> **Instructions to follow**: This task calls for the lines below starting at the one containing "Model:MQ01UBD100 Country of" and ending at the one containing "3月16日(月)です。今日の", repeated exactly with both ends kept and pictures left out.

> **Exercise data**:
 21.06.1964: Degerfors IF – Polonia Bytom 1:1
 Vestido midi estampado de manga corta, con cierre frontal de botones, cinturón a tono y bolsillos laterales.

* * *

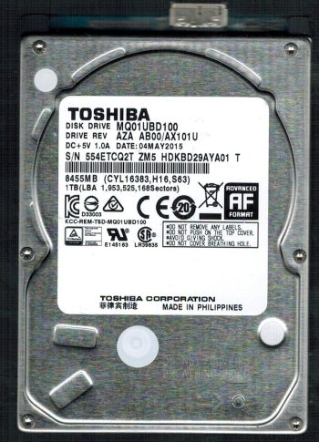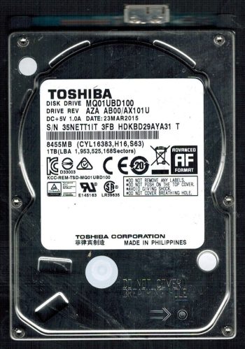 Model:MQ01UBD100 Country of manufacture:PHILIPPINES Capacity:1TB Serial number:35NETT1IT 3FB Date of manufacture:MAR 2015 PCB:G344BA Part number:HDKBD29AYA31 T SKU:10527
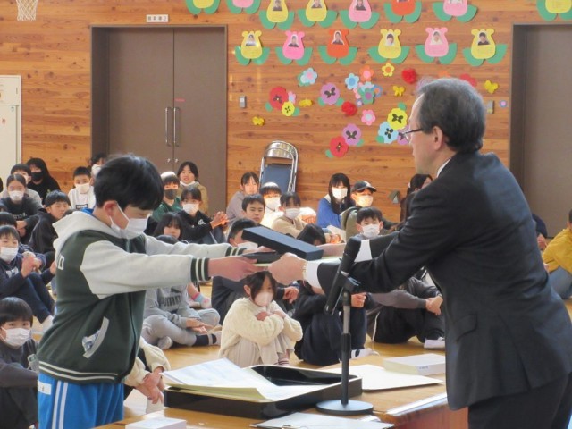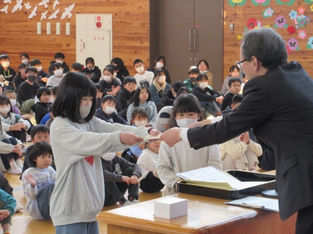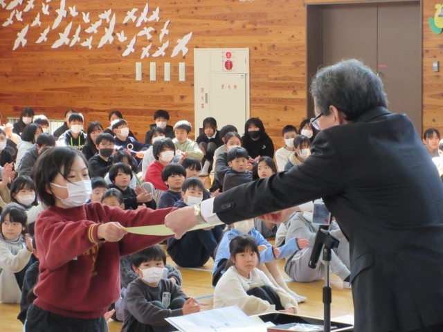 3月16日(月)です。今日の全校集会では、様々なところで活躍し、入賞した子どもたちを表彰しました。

> **Solution for this task**:
 Model:MQ01UBD100 Country of manufacture:PHILIPPINES Capacity:1TB Serial number:35NETT1IT 3FB Date of manufacture:MAR 2015 PCB:G344BA Part number:HDKBD29AYA31 T SKU:10527
 3月16日(月)です。今日の全校集会では、様々なところで活躍し、入賞した子どもたちを表彰しました。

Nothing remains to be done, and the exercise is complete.